- **PROBLEM DETAILS**
For this exercise, return all the data word for word, with images left out.

- **RAW DATA**
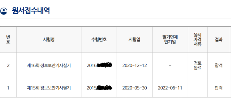 · 다음 예시 이미지와 같이 시험명, 수험번호, 시험일, 합격결과가 모두 보이는 원서접수 내역(혹은 합격결과)을 첨부해주세요.
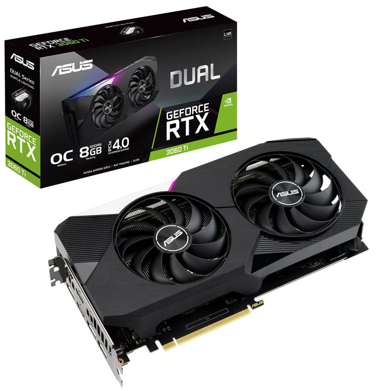 Видеокарта Asus NVIDIA - GeForce RTX 3060 Ti Dual OC, PCI-E 4.0 16x, GDDR6 8GB 256bit, 2x HDMI, 3x DP, max 7680 x 4320, 269мм, LHR, Full Height, DUAL-RTX3060TI-O8G-V2
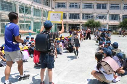 校庭に、下校コースごとに並びます。6年背がリードしてくれるのでとっても助かります。
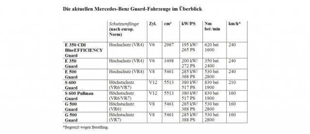 Höchstschutz-Automobile der Widerstandsklasse VR6/VR7 setzen der Bedrohung durch Terroranschläge eine wirkungsvolle Abwehr entgegen. Ihre Armierung ist gegen Gewehrprojektile aus militärischen Waffen konzipiert, die fast doppelt so schnell fliegen wie Revolvergeschosse. Außerdem leisten sie Widerstand gegen Handgranaten-Splitter und Sprengsätzen. Sieben Guard-Modelle bietet Mercedes-Benz ab Werk an.

- **OUTPUT OF THE EXERCISE**
 · 다음 예시 이미지와 같이 시험명, 수험번호, 시험일, 합격결과가 모두 보이는 원서접수 내역(혹은 합격결과)을 첨부해주세요.
 Видеокарта Asus NVIDIA - GeForce RTX 3060 Ti Dual OC, PCI-E 4.0 16x, GDDR6 8GB 256bit, 2x HDMI, 3x DP, max 7680 x 4320, 269мм, LHR, Full Height, DUAL-RTX3060TI-O8G-V2
 校庭に、下校コースごとに並びます。6年背がリードしてくれるのでとっても助かります。
 Höchstschutz-Automobile der Widerstandsklasse VR6/VR7 setzen der Bedrohung durch Terroranschläge eine wirkungsvolle Abwehr entgegen. Ihre Armierung ist gegen Gewehrprojektile aus militärischen Waffen konzipiert, die fast doppelt so schnell fliegen wie Revolvergeschosse. Außerdem leisten sie Widerstand gegen Handgranaten-Splitter und Sprengsätzen. Sieben Guard-Modelle bietet Mercedes-Benz ab Werk an.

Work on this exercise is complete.